IMO Repsol is the better route as they will then offer you an insurance/free (?) call out service for 5 years for around 60 euro which is good value I think, also if the fitter replaces any of your regulators with the Repsol items these are guaranteed for 5 years.


----------



## RichTUK (Oct 15, 2012)

VFR said:


> Yes bottled is best in your case as you are not always there & if you take this route remove the regulator from the bottle when going back home (safety)
> 
> Just take your passport/NIE to the Cepsa outlet where they will give you a contract there & then for a few euros. Repsol tend to be more strict and will often what a engineer to call to check all is well (as they should do) and once done will allow a contract if all is well.
> IMO Repsol is the better route as they will then offer you an insurance/free (?) call out service for 5 years for around 60 euro which is good value I think, also if the fitter replaces any of your regulators with the Repsol items these are guaranteed for 5 years.

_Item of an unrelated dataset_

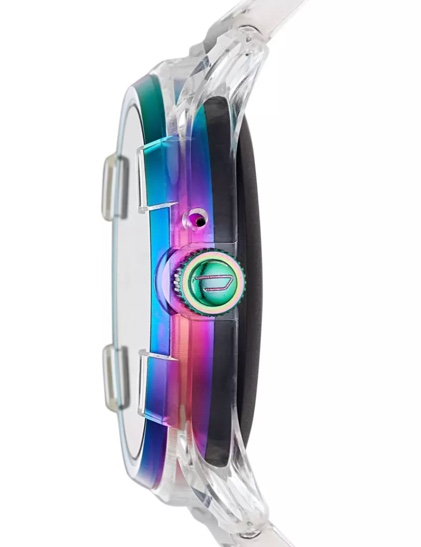 Le premier détail de design remarquable est le bracelet transparent. Disponible en quatre combinaisons de couleurs (rouge et noir, noir et transparent, bleu et transparent, et entièrement transparent avec un boîtier irisé), les couleurs semblent se fondre, d’où le nom de la montre (se fondre se traduit par « fade » en anglais). Les bracelets, qui arborent le logo Diesel estampillé, sont respirants et extrêmement confortables.

Yeah definitely Cespa bottled gas in this City mate. Nah we leave ours connected up even when we go away. The regulators have off switches on them and they are safe. For peace of mind its up to you but I dont think it will make much of a difference either way Nidelva.

Yeh 17.5 is the goin rate for gas bottles.


----------



## nidelva (Nov 12, 2012)

Thanks for your replies.
Is it safe to install gas bottle by ourselves the first time or it is better to invite People from Cespa or Repsol?


----------



## RichTUK (Oct 15, 2012)

See if you can get them to do it 1st, just to make sure everything is working right


----------



## Lynn R (Feb 21, 2014)

It's not just the gas appliances and regulators that should be inspected before issuing a contract to supply bottled gas, but your home as well, to ensure that there is adequate ventilation which would allow the gas to escape in the event of a leak. Before Repsol issued our contract we had to have a ventilation grille fitted in our front door, which was the only place it could go as it had to be within a certain distance of the ground (apparently the gas is heavier than air so if it escapes it stays low) and as there is a step down into our kitchen from outside, meaning the outside ground level is higher than the floor inside, the ventilation grille could not go in the kitchen door or wall because it would have been too high off the floor.

Don't cut corners when it comes to safety, please, by dismissing such checks as "going over the top" or unnecessary bureaucracy. One of my neighbours, an elderly lady, was killed a few years ago in a gas explosion involving bottled gas in her home, and that really brought home to me how dangerous it can be if the proper safety measures aren't adhered to.


----------



## snikpoh (Nov 19, 2007)

I would also suggest that it would be very prudent to invest in a carbon monoxide detector.

Any property that we own where gas is used has one fitted as standard.

Remember that CO is a colourless and odourless gas and kills - fast.


----------